The installation steps for SVN server with security modules in place are as follows:

# yum install mod_dav_svn subversion


If you don't have Apache installed already, it'll go ahead and drag that down as well so we don’t need to worry about getting apache installed here prior to SVN.

When you install from yum, there's a longer list than the two packages above that will automatically resolve themselves. Some other things will be installed automatically.

First thing is make sure you open up /etc/httpd/conf/httpd.conf and at least change the ServerName directive.

# vim /etc/httpd/conf/httpd.conf -- Edit what you need and save the file
# service httpd start
# chkconfig httpd on

Browse to your machine on the network and see if you get your test page, which you should: http://serverIP. It should show up the Apache page.

Subversion's Apache configs

The next step is to setup some settings within Apache so Subversion and Apache play nice together. Get yourself to the example configuration file Subversion installed for you.

# cd /etc/httpd/conf.d/
# vim subversion.conf
# Make sure you uncomment the following if they are commented out
LoadModule dav_svn_module     modules/
LoadModule authz_svn_module   modules/
# Add the following to allow a basic authentication and point Apache to where the actual
# repository resides.
&lt;Location /repos&gt;
        DAV svn
        SVNPath /var/www/svn/repos
        AuthType Basic
        AuthName "Subversion repos"
        AuthUserFile /etc/svn-auth-conf
        Require valid-user

The location is what Apache will pass in the URL bar. For instance: http://yourmachine/repos points to the SVNPath that you have specified. My examples are just that, so feel free to put things where you want. Make sure you save the file when you are finished editing.

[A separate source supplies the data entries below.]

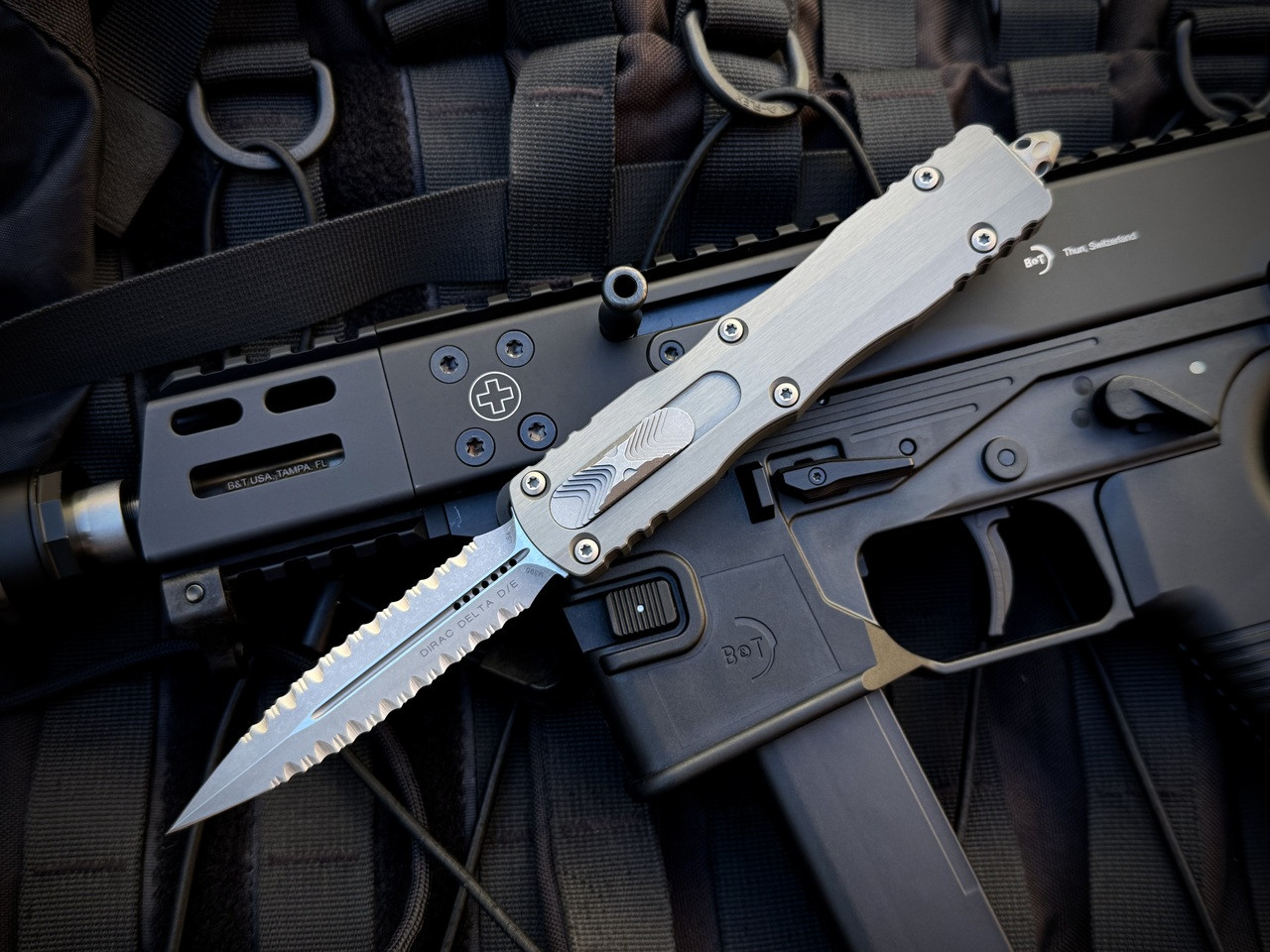 Microtech Dirac Delta D/E Natural Clear Aluminum Body w/Apocalyptic Double Full Serrated Blade (3.8") 227-D12APNC
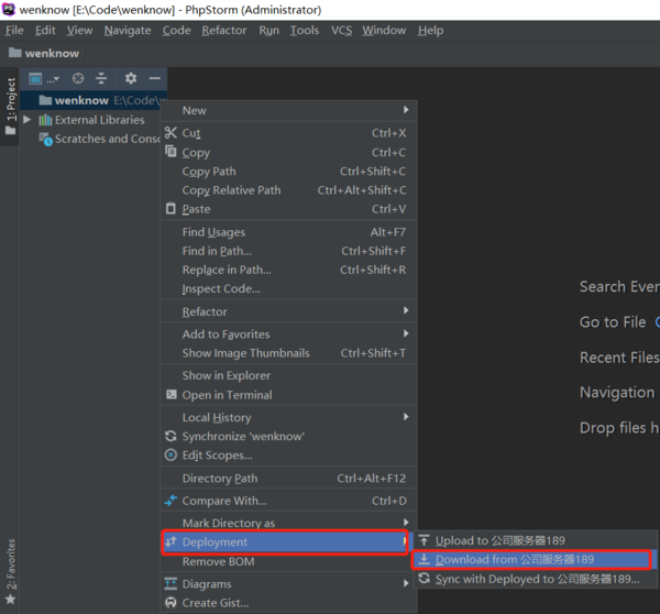 右键点击项目,选择Deployment > Download from ...进行下载。
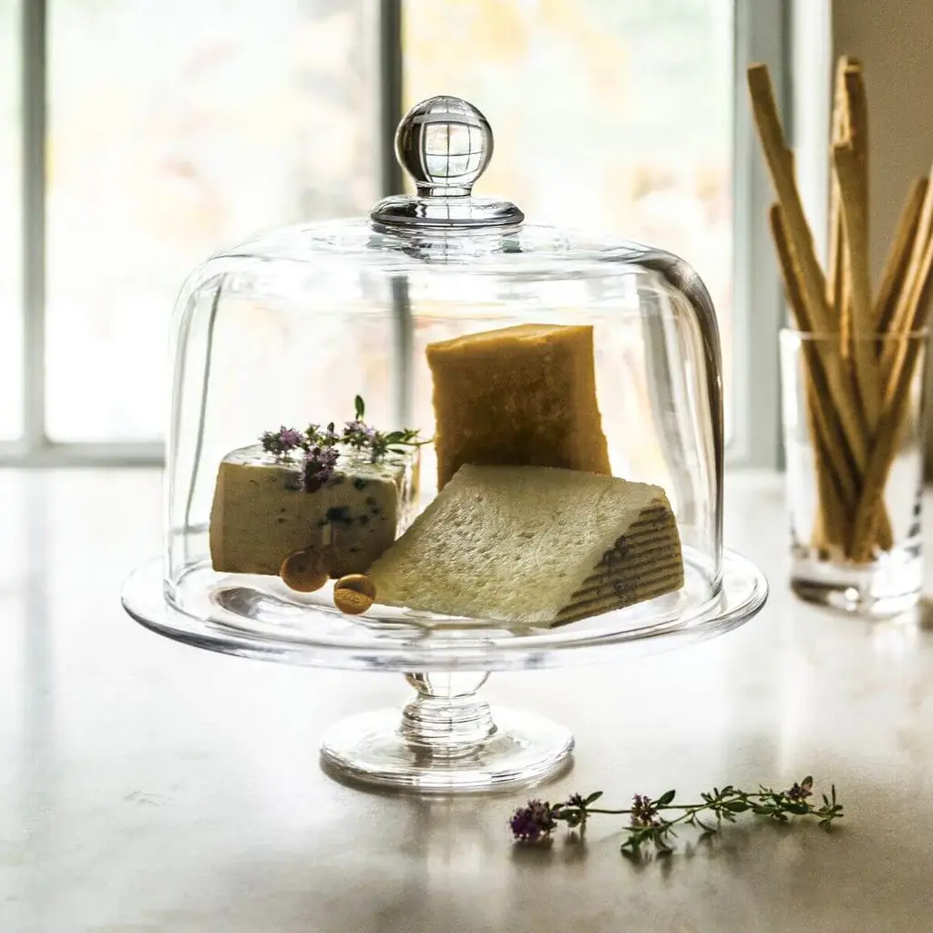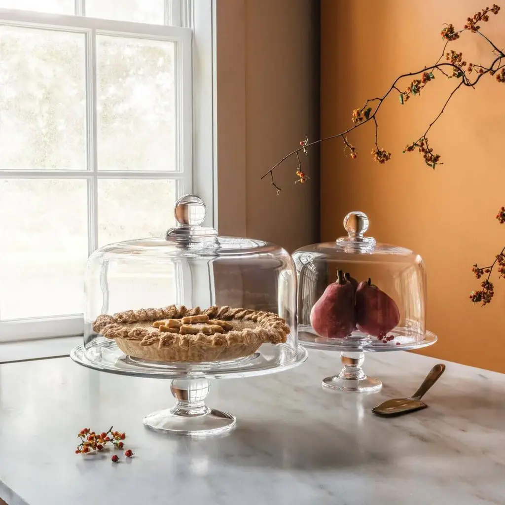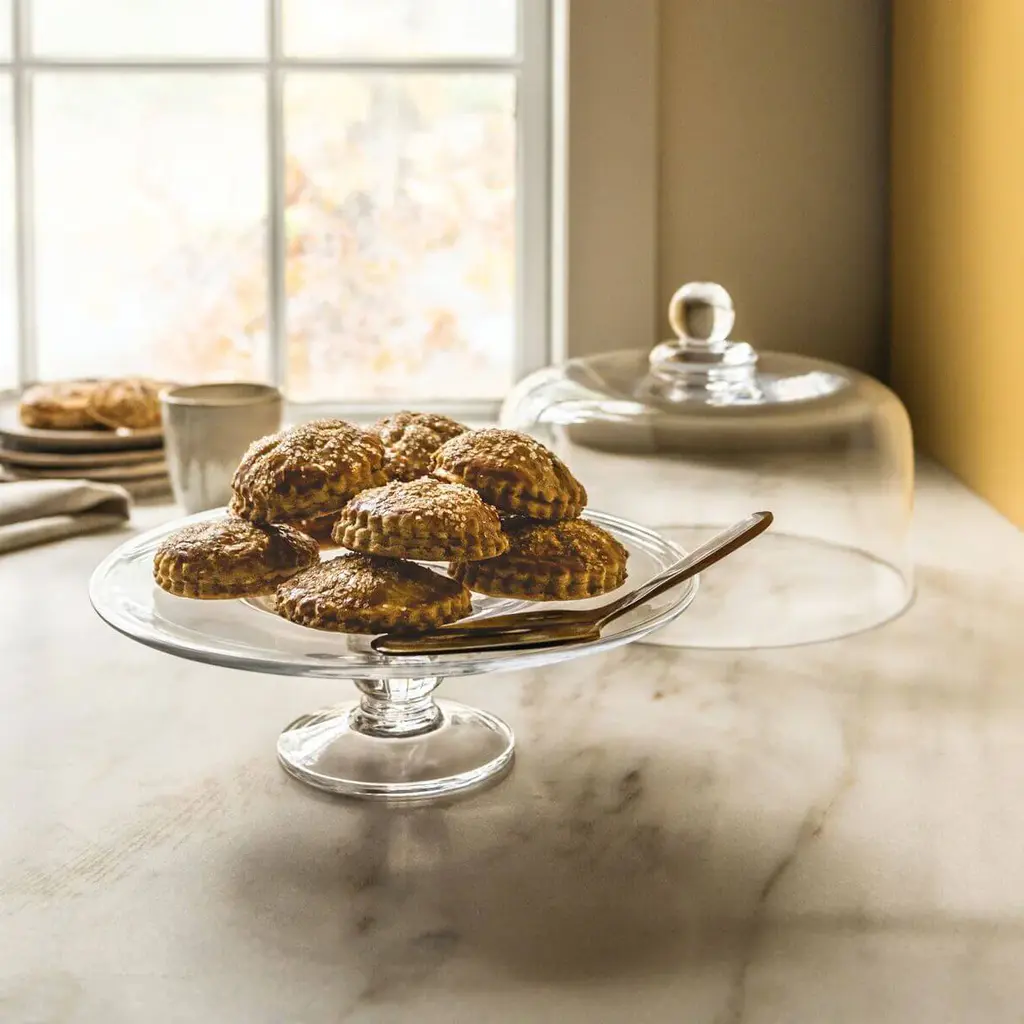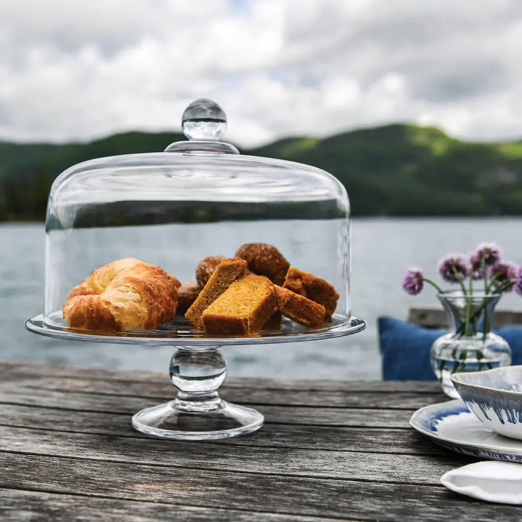 Elevate your hosting game with the Hartland Cakeplate from Simon Pearce. Perfect for dainty desserts and beautiful brunch spreads, this scaled-down version of the original cake plate is made by master glassblowers for an artisan touch. Complete with a classic dome, it makes a sophisticated wedding or shower gift. Highlights

Next we have to actually create the password file that you specified in the previous step. Initially you'll use the -cm arguments. This creates the file and also encrypts the password with MD5. If you need to add users make sure you simply use the -m flag, and not the -c after the initial creation.

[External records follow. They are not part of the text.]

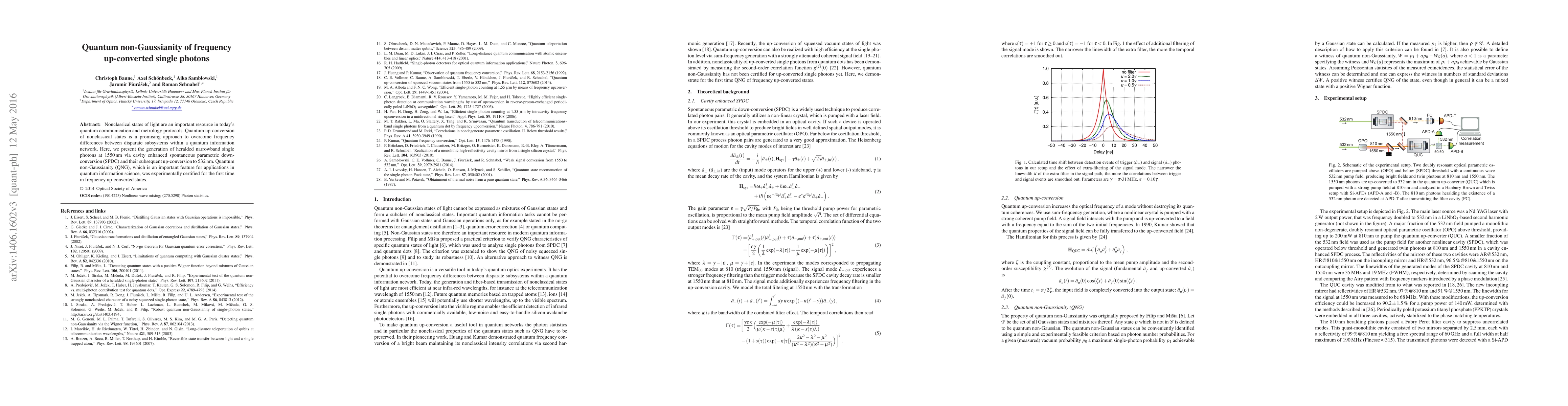 This paper reports the generation of narrowband single photons via cavity-enhanced SPDC and their up-conversion, demonstrating quantum non-Gaussianity for the first time in frequency up-converted states, which is crucial for quantum information science applications.
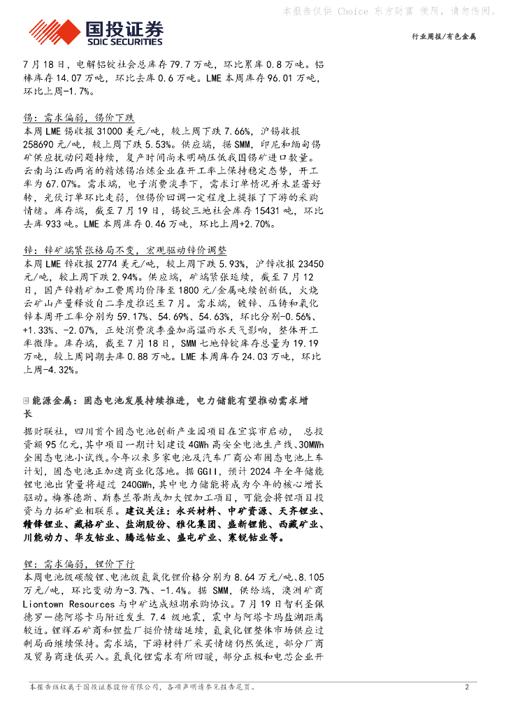 国投证券:有色金属行业周报:海外衰退预期施压金属价格,持续看好黄金表现.pdf
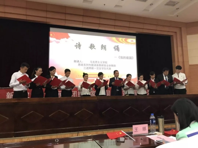 比赛开始前,马院教师代表和“三进两联一交友”学生们深情地朗诵《我的祖国》,诉说着农大师生热爱伟大祖国的浓浓情怀。
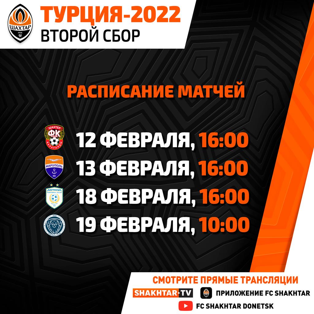 Донецкий Шахтер определился со спарринг-партнерами на втором тренировочном сборе в Турции.
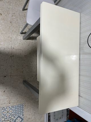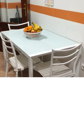 Conjunto de mesa de comedor extensible y cuatro sillas. Apenas se ha usado, está en muy buen estado. - Mesa blanca de diseño sencillo y elegante. - Cuatro sillas blancas a juego con la mesa. - Superficie de la mesa lisa y brillante. - Patas de madera resistentes.
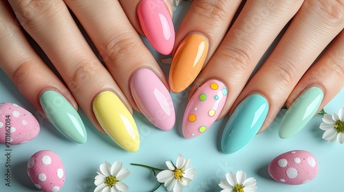 A woman's manicured hands with colorful nail polish, including pink, yellow
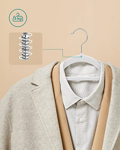 Aceste umerase elegante din plastic au un finisaj catifelat, care nu va va deteriora hainele si le mentine în forma. Fantele antiderapante în forma de U si bara antiderapanta pentru pantaloni împiedica alunecarea hainelor si a pantalonilor.
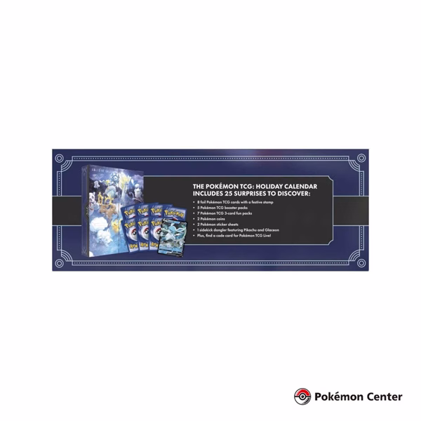 - Celebra la temporada con 25 días de sorpresas en JCC Pokémon: Calendario navideño! Desde cartas foil especiales hasta sobres y más, hay un regalo Pokémon diferente para abrir cada día.JCC Pokémon: Calendario navideño incluye 25 sorpresas por descubrir:
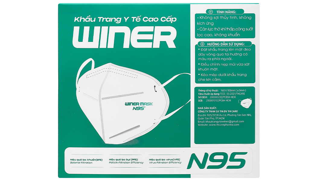 Khẩu trang y tế Winer N95 4 lớp màu trắng hộp 10 cái

# htpasswd -cm /etc/svn-auth-conf yourusername
New password:
Re-type new password:
Adding password for user yourusername
# htpasswd -m /etc/svn-auth-conf anotherusername
New password:
Re-type new password:
Adding password for user anotherusername

Configure your repository

The next thing you need to do is to create the actual repository from which you will check in and out your files. This is simple to do with some of the included svn tools.

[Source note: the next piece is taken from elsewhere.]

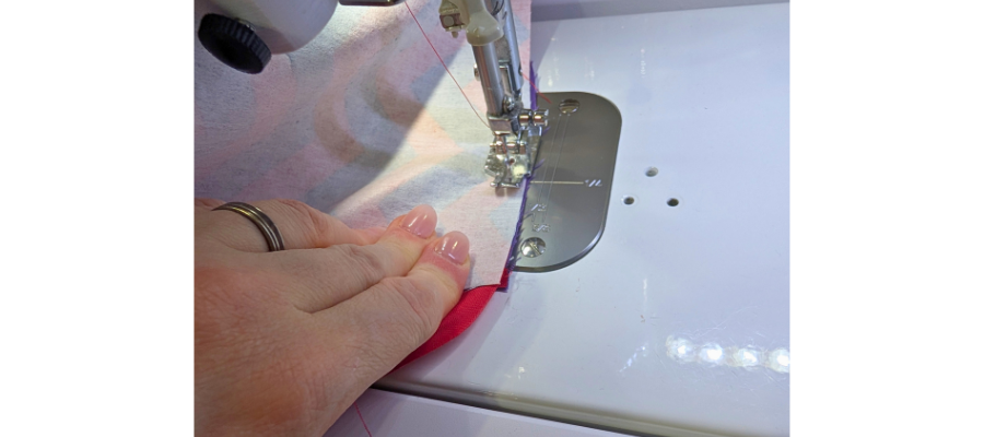 The corners will look mitred for best results – once you get to the corners fold the fabric and sew off the end, then bend the excess the other way to continue sewing the other side of the corner. This will create a small point.
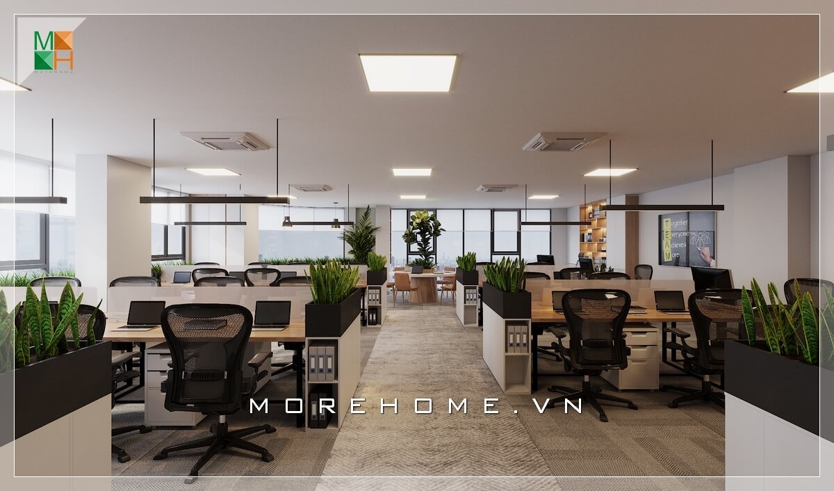 Bố trí nội thất phòng làm việc hiện đại, khoa học, vừa đảm bảo công năng trong quá trình sử dụng, đồng thời vẫn đảm bảo tính riêng tư của mỗi nhân viên

# cd /var/www/ -- Or wherever you placed your path above
# mkdir svn
# cd svn
# svnadmin create repos
# chown -R apache.apache repos
# service httpd restart

Go test out whether or not you can access your repository from a web browser: http://yourmachine/repos. You should get a popup box asking for a username and password. If so, type in your credentials and you should be displayed with a Revision 0:/ page. If so, that's it for setting up a repo. If you want multiple repos, check out the docs from the links provides above. This sets up one repository and shows you how to start using them. Speaking of, let's move on to just that.



Using Subversion

Layout the Repo

If all went well above, you're now ready to start using the repository that you created. Subversions svn tool is the command line client that you will use to talk to the database. To see the use of the tool:

# svn --help

The most common arguments you will most likely be using are: svn import, svn commit (ci), and svn checkout (co). With these you will initially import files into your repository with import, you'll check them out to work on them with checkout, and you'll commit the changes back into the database with commit. It's pretty simple once you see them in use a few times.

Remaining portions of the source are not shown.